To most, this seems like an arbitrary or even ridiculous system of classification. The point that Foucault is making, however, is that objectively it is no more arbitrary than any other system, simply less familiar because we have not internalized its rules.
If we were to ask the reader for today’s date, they would almost certainly reply (at time of writing) ‘Friday, the thirteenth of February 2015’.1 They would be far less likely to reply ‘23 Rabi II 1436’, ‘Cycle 78, year 31, month 12, day 25’ or ‘13.0.2.3.4’. Yet none of these ‘is’ the ‘real’ date any more than any of the others, but rather they reflect different cultural contexts. Moreover, they encode particular epistemological and cosmological assumptions, and when examined critically, issues of power. According to Critical Theory, the criteria by which such distinctions are made do not describe reality, but rather the assumptions of those making them. These taxonomies therefore represent the intersection of knowledge and power – what Foucault would call a particular ‘episteme’ (1973, xxii). Such arrangements are neither universal, natural nor eternal, but claim to be – and when fully internalized, will appear to be.

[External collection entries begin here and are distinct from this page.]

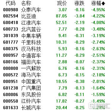 汽车股跌幅居前,众泰汽车、比亚迪跌超4%,江淮汽车、北汽蓝谷、中集车辆、千里科技、汉马科技等跟跌。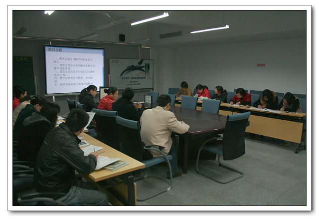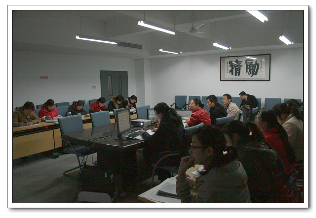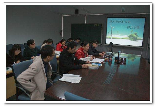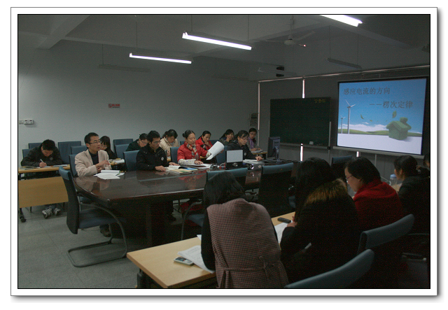 12月10日星期五上午第三节、第四节,福州文博中学高二、高三物理集备组在三楼会议室开展集备活动,全体理、化、生老师前来观摩。本次活动由蒋彩真老师主备、主讲,蒋老师全面、细致地分析了本课在高中物理教材中的地位、学生的学情,确定了教学目标、教学重点和难点,认真阐述了教学设计和实验设计。吴晓梅、张从刚两位老师对主备方案中的各个环节进行了交流和讨论,经讨论最后修改和确定各个环节的教学设计,讨论过程很深入、很热烈,有放有收,收到很好的集备效果。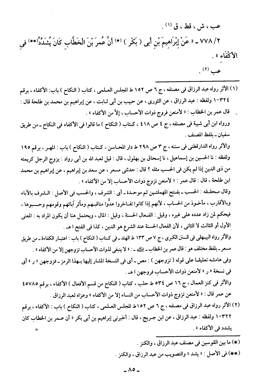 2/ 778 - "عَنْ إِبْرَاهِيمَ بْنِ أَبى (بَكْر) (*) أَنَّ عُمَر بْنَ الْخَطَّابِ كَانَ يُشَدِّدُ (* *) فِى الأَكْفَاءِ".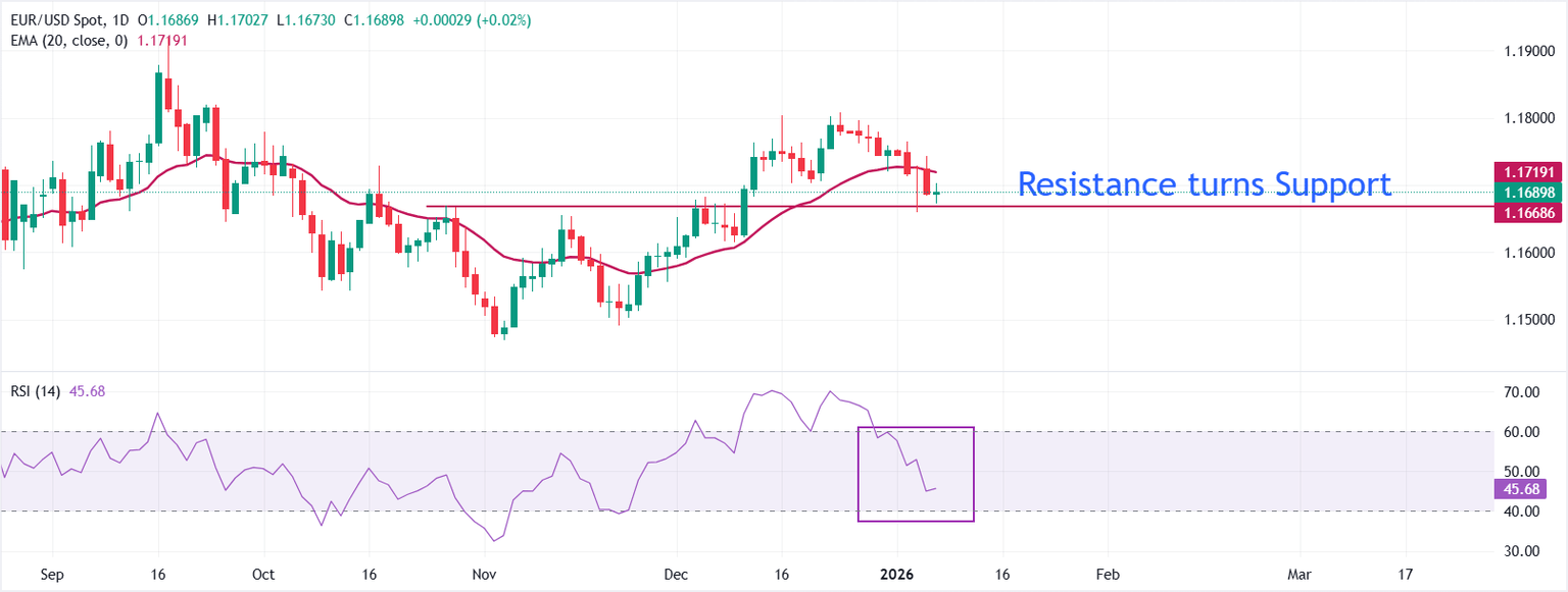 EUR/USD trades flat at 1.1690 at the time of writing. The pair sits below the 20-day Exponential Moving Average at 1.1719, which has begun to turn lower and caps rebounds.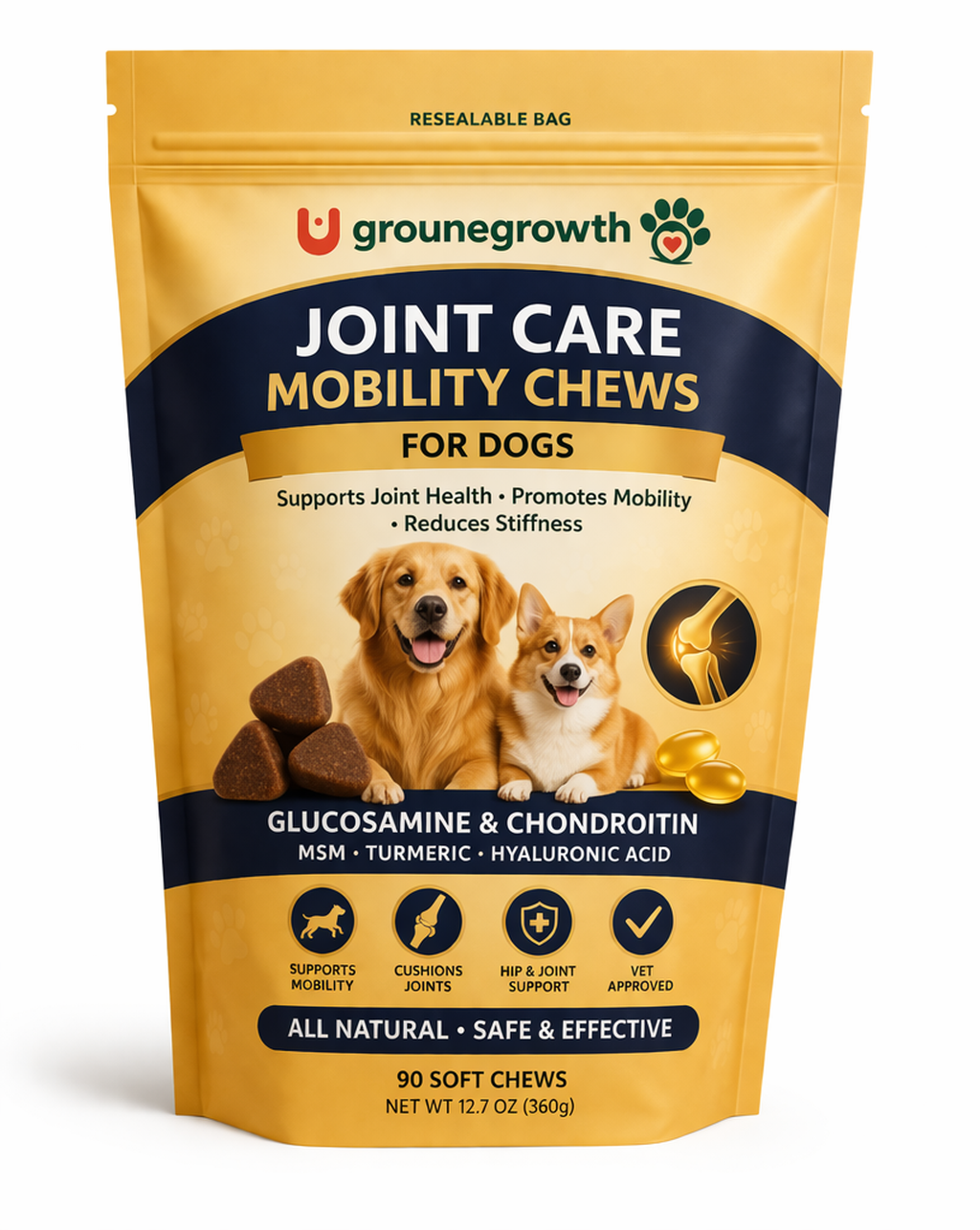 Packed with glucosamine and chondroitin, these chews help maintain joint flexibility and reduce stiffness. Ideal for aging pets or active breeds, they support long-term mobility and comfort.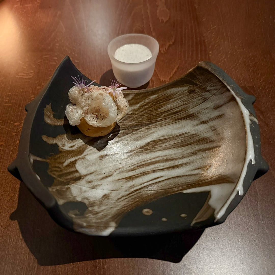 - puffed beef tendon & caramelized onion / black truffle milkshake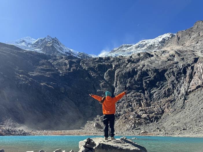 早餐后出发,开启雨崩徒步,今天从村里徒步出发,先穿过村口的沙棘林和原始森林,继续前行就到达笑农大本营。笑农大本营原是中日联合登山队攀登卡瓦格博峰的营地,我们在这里午餐,休息补给后继续往前就抵达冰湖。在冰湖打卡游玩后原路返回雨崩村,结束这一天的徒步。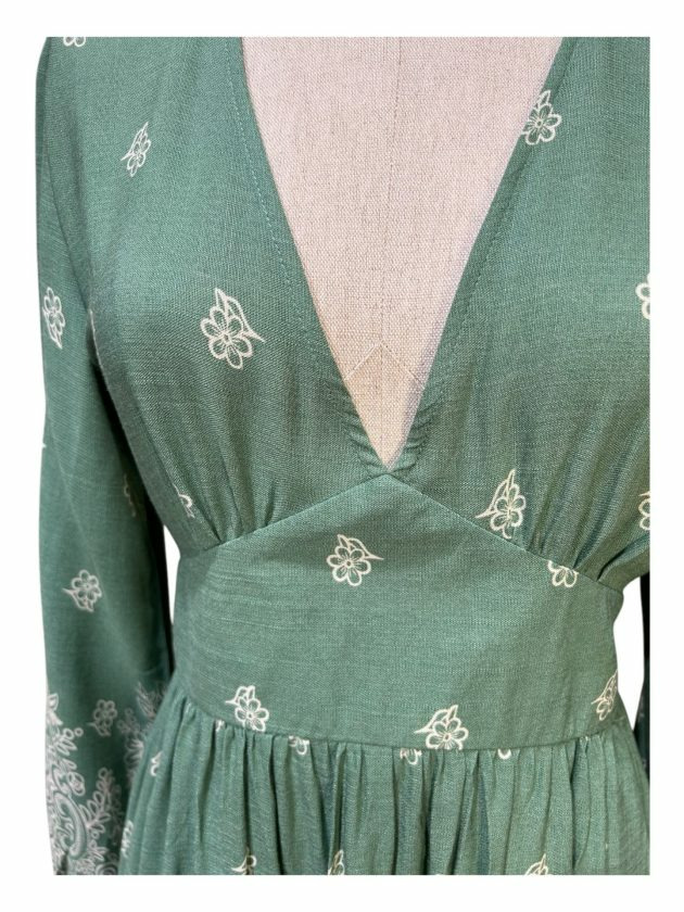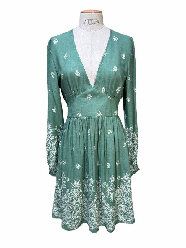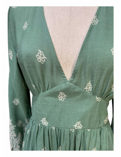Robe courte fluide, manches longues avec élastiques aux poignées, col V. Cette robe est smockée au dos et marquée à la taille sur le devant. Elle est doublée d'un jupon.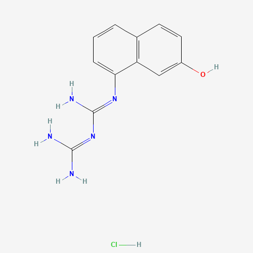 - Synonyms:1-(7-Hydroxy-1-naphthyl)biguanide hydrochloride;U89CXZ9JHS;UNII-U89CXZ9JHS;1-Biguanidino-7-naphthol hydrochloride;21528-12-1;Biguanide, 1-(7-hydroxy-1-naphthyl)-, monohydrochloride;Imidodicarbonimidic diamide, N-(7-hydroxy-1-naphthalenyl)-, monohydrochloride;Imidodicarbonimidic diamide, N-(7-hydroxy-1-naphthalenyl)-, hydrochloride (1:1);32444-68-1;DTXSID80944135;Q27290853;N-(7-Hydroxynaphthalen-1-yl)triimidodicarbonic diamide--hydrogen chloride (1/1)
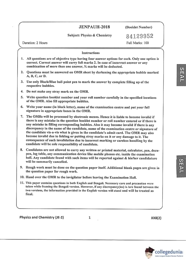 WBJEE JENPAS UG 2018 PHYSICS & CHEMISTRY Question paper with answer key pdf conducted on May 27, 2018 is available for download. The exam was successfully organized by West Bengal Joint Entrance Examination Board (WBJEEB). The question paper comprised a total of 50 questions.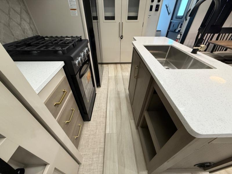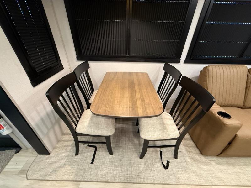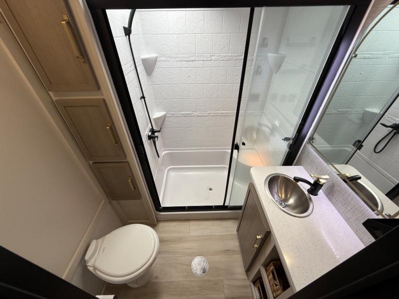 With any Wildwood Heritage Glen fifth wheel by Forest River, the quality construction, attention to detail and design along with a bright and welcoming interior allows you to relax in comfort with conveniences while exploring outdoors. The European Oak colored horizontal plank linoleum flooring is unique, beautiful and durable, and there are gold-accented faucets with stainless steel sinks in the bathrooms for added luxury. The Accessibelly underbelly with 12V tank heaters on all holding tanks allows you to camp anytime of year, and the power stabilizer jacks and landing gear will make set-up a breeze. More features that provide convenience include the high-end solid surface countertops, an RV Airflow System that provides at least 25% better airflow, an automotive grade painted front cap with a gel coat, and solar prep for off-grid capabilities.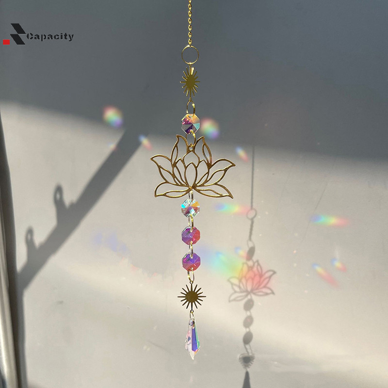 Capacidade 1Pc Suncatcher Jardinagem Artesanato Lótus Dourado AB Colorido Gota De Água Pingente Decoração De Cristal Par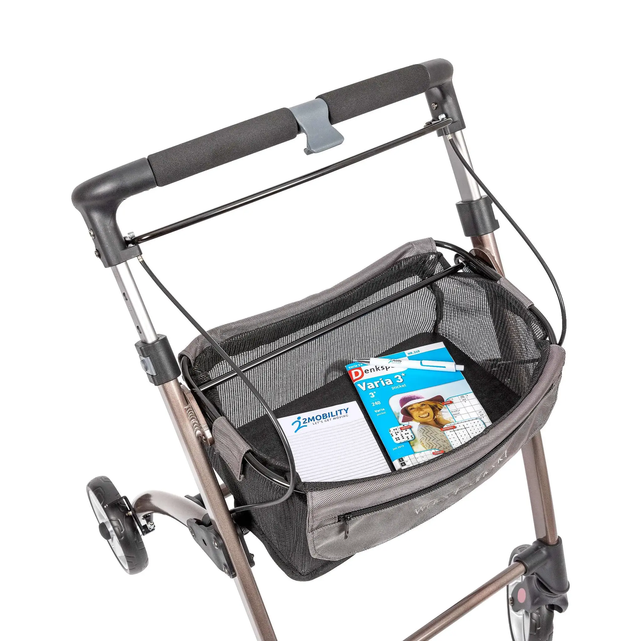 De binnen rollator wordt standaard geleverd met handige opbergmand en dienblad. Zo kunt u eenvoudig uw spullen meenemen, terwijl uw handen vrij blijven.
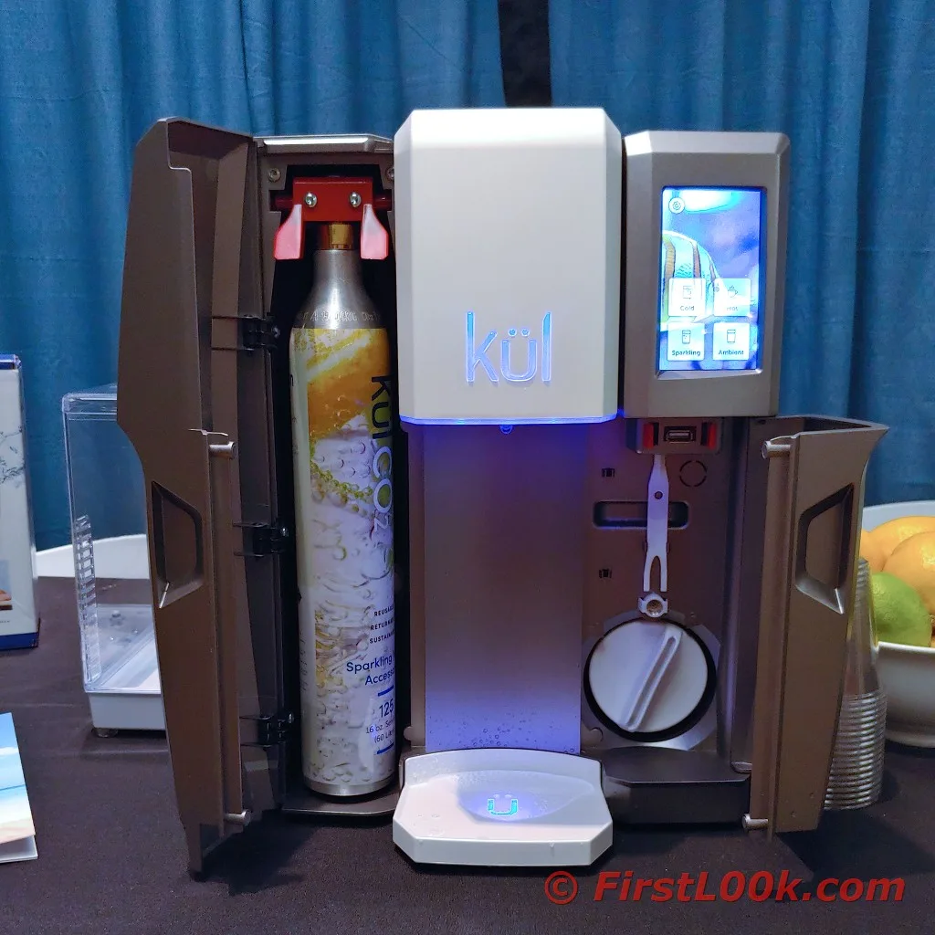 To achieve this, easy-to-replace filtration cartridges are used and last up to 350 gallons (or 2800 water bottles) per cartridge. For fizzy drinks, CO2 cylinders can carbonate up to 60 liters of water – which can be returned to Kül to be reused.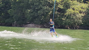 이렇게 물 위로 올라오게 되면 처음에는 보트 뒤를 따라가기만 해도 힘이 듭니다. 조금씩 자세가 안정되면 좌우로 왔다 갔다 할 수 있고, 보트가 일으키는 파도를 넘어 다니면 초보는 마스터했다고 볼 수 있습니다.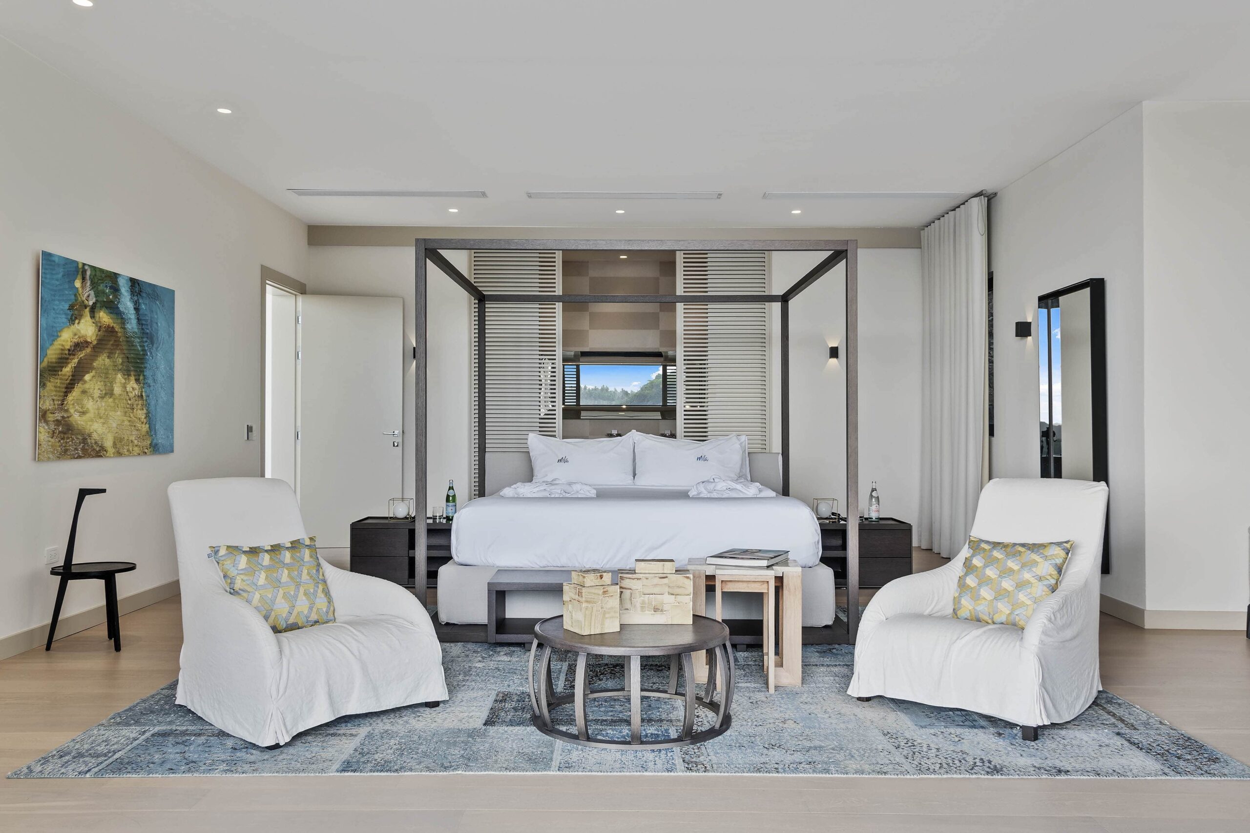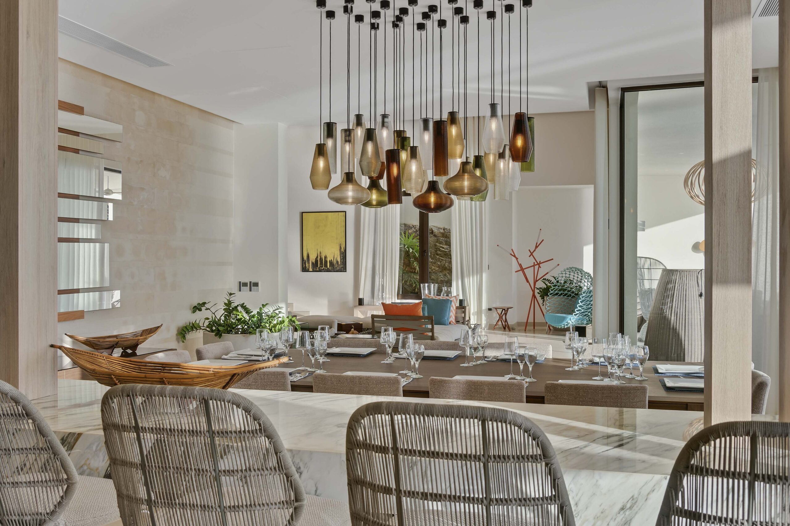 The villa can accommodate up to 10 people and has five large bedrooms, each of which is a private haven with an en suite bathroom furnished with Gilchrist & Soames conveniences, ample closet space, and tasteful lighting. There is seating for ten, making it ideal for celebratory toasts or a peaceful morning coffee while the waves roll in. Two main suites open onto a stunning oceanfront terrace that is set up for lounging. Every visitor will experience hotel-level comfort and privacy thanks to the equally tranquil remaining bedrooms.

This volume is concerned with perhaps the most obvious example of such a taxonomy in the discourse on religion, the World Religions Paradigm (WRP). The WRP typically includes ‘the Big Five’ (where does that term come from?) of Christianity, Islam, Judaism, Hinduism and Buddhism – and moreover, almost always presented in that Abrahamocentric order – increasingly with additional ‘catch-all’ categories such as ‘indigenous religions’ or ‘new religions’ included.
The publication of The Norton Anthology of World Religions in 2014 demonstrates how entrenched this taxonomy is for both the public and, more problematically, academia. Indeed, with university Religious Studies (RS) departments becoming more and more structured around a series of area studies scholars rather than method and theory specialists or generalists, the question of which ‘traditions’ are to be represented is arguably more important than ever. In this introduction we lay out, first, the development of the WRP as a classificatory schema, and second, the robust critique that it has sustained in recent decades. This will be necessarily brief, but aims to offer a useful ‘potted history’ for students and their teachers, while pointing towards the sources through which the critique can be pursued fully. Discussion then turns to contemporary problems with putting this critique into practice within introductions to the academic study of religion, before providing a brief overview of the chapters that follow.
Given that the history of the WRP is intimately tied up with the history of RS itself, it is fitting that we begin our discussion with the development of the category ‘religion’.
You can’t say ‘World Religions Paradigm’ without saying ‘religion’ …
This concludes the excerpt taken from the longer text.